The task: With the pictures excluded, reproduce all of the data exactly.

Information supplied:
• • •

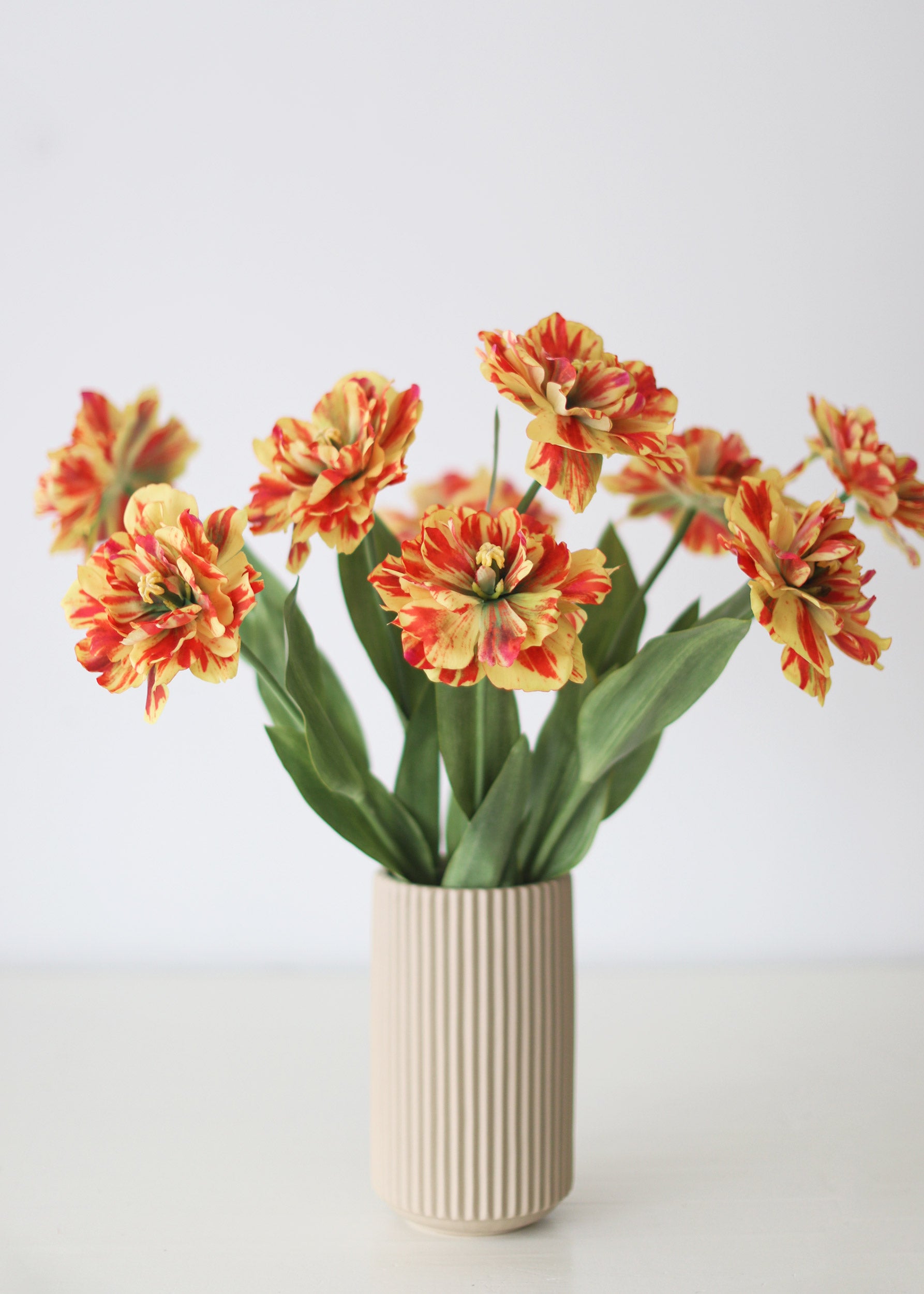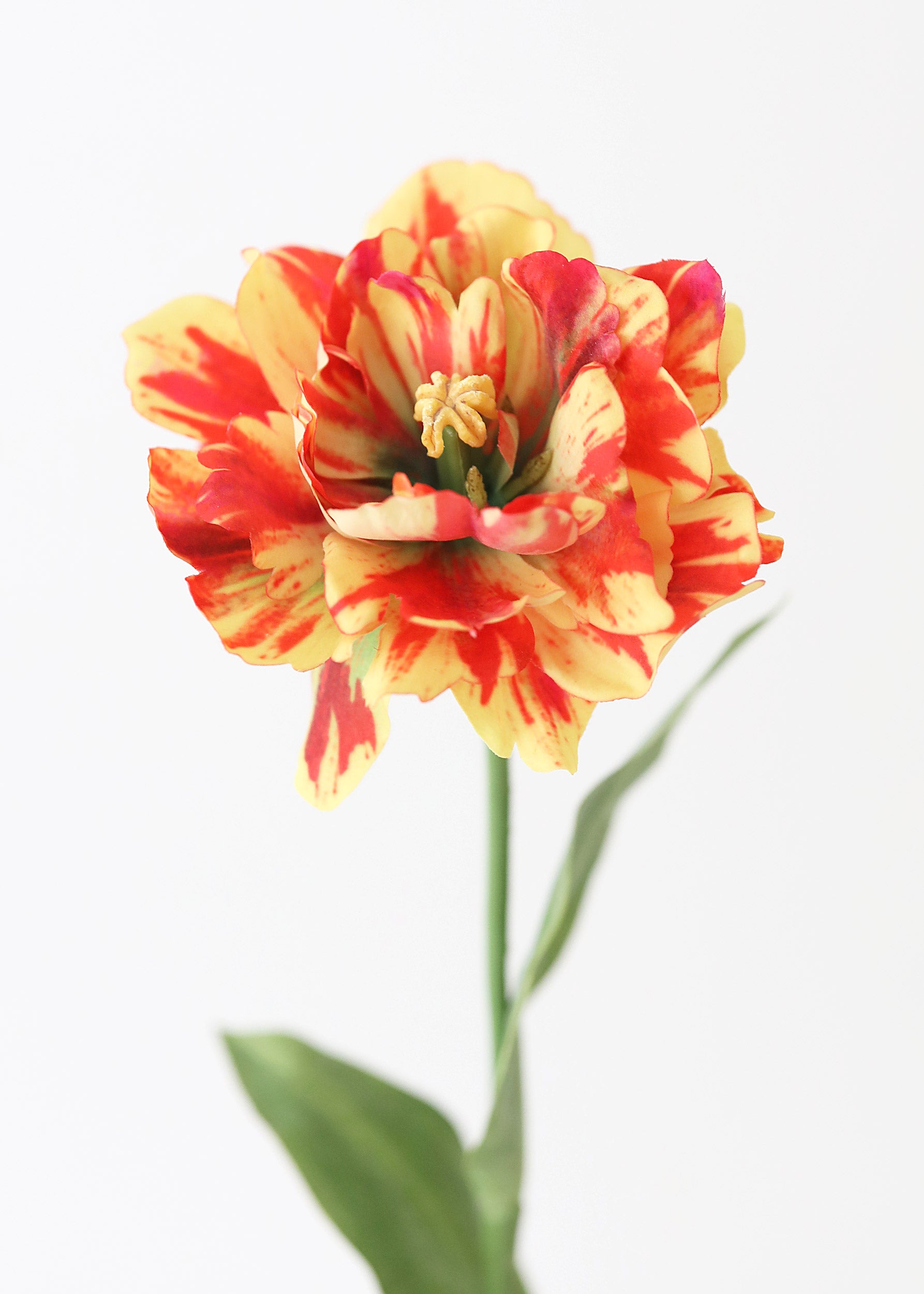 Looking for silk tulips? Choose this artificial tulip flowers stem in yellow with splashes of red. It offers the perfect pop of color to add to your spring vase arrangement.
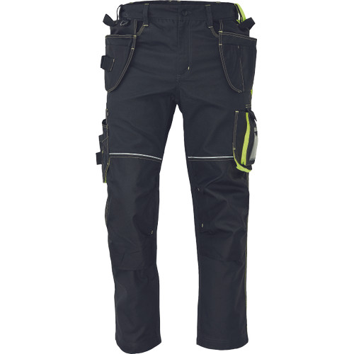 • férfi munkanadrág rugalmas derékkal • 2 oldalsó zseb, 2 repülőzseb szerszámtartó hurokkal, 1 átlátszó zseb az igazolvány számára, D-gyűrű • 2 hátsózseb • kalapácstartó kontrasztos színben • megerősített térdrész, térdvédőtartó • 5 cm-rel meghosszabbítható nadrágszárak • a nadrágszár hátsó, alsó része megerősített • dekoratív, figyelemfelkeltő varrás színes cérnával
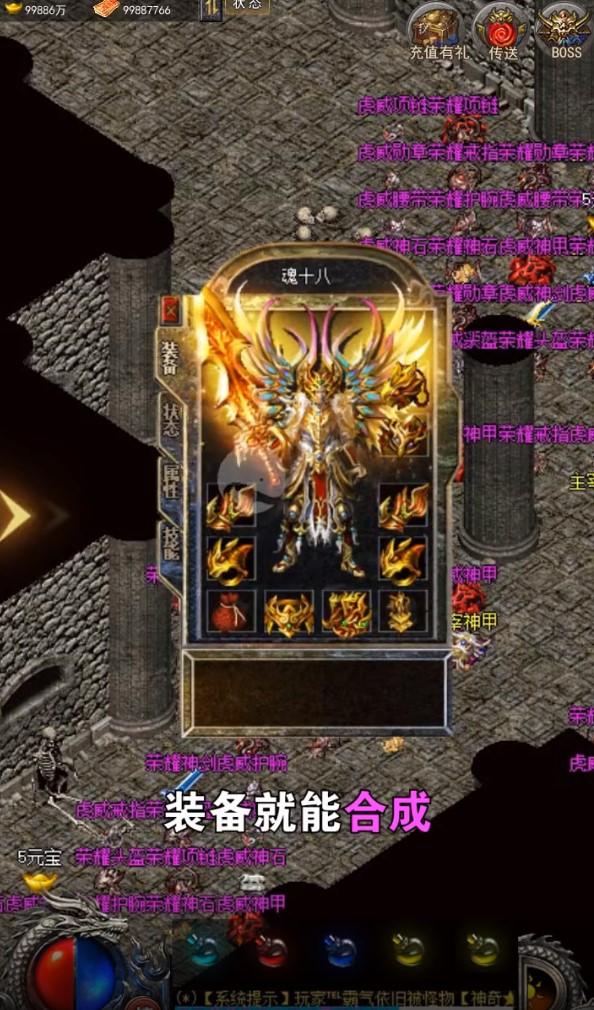 2.通过战斗产生各种副本,用实力击败一些怪物,获得更好的装备武装自己的角色;

• • •

Written answer:
 Looking for silk tulips? Choose this artificial tulip flowers stem in yellow with splashes of red. It offers the perfect pop of color to add to your spring vase arrangement.
 • férfi munkanadrág rugalmas derékkal • 2 oldalsó zseb, 2 repülőzseb szerszámtartó hurokkal, 1 átlátszó zseb az igazolvány számára, D-gyűrű • 2 hátsózseb • kalapácstartó kontrasztos színben • megerősített térdrész, térdvédőtartó • 5 cm-rel meghosszabbítható nadrágszárak • a nadrágszár hátsó, alsó része megerősített • dekoratív, figyelemfelkeltő varrás színes cérnával
 2.通过战斗产生各种副本,用实力击败一些怪物,获得更好的装备武装自己的角色;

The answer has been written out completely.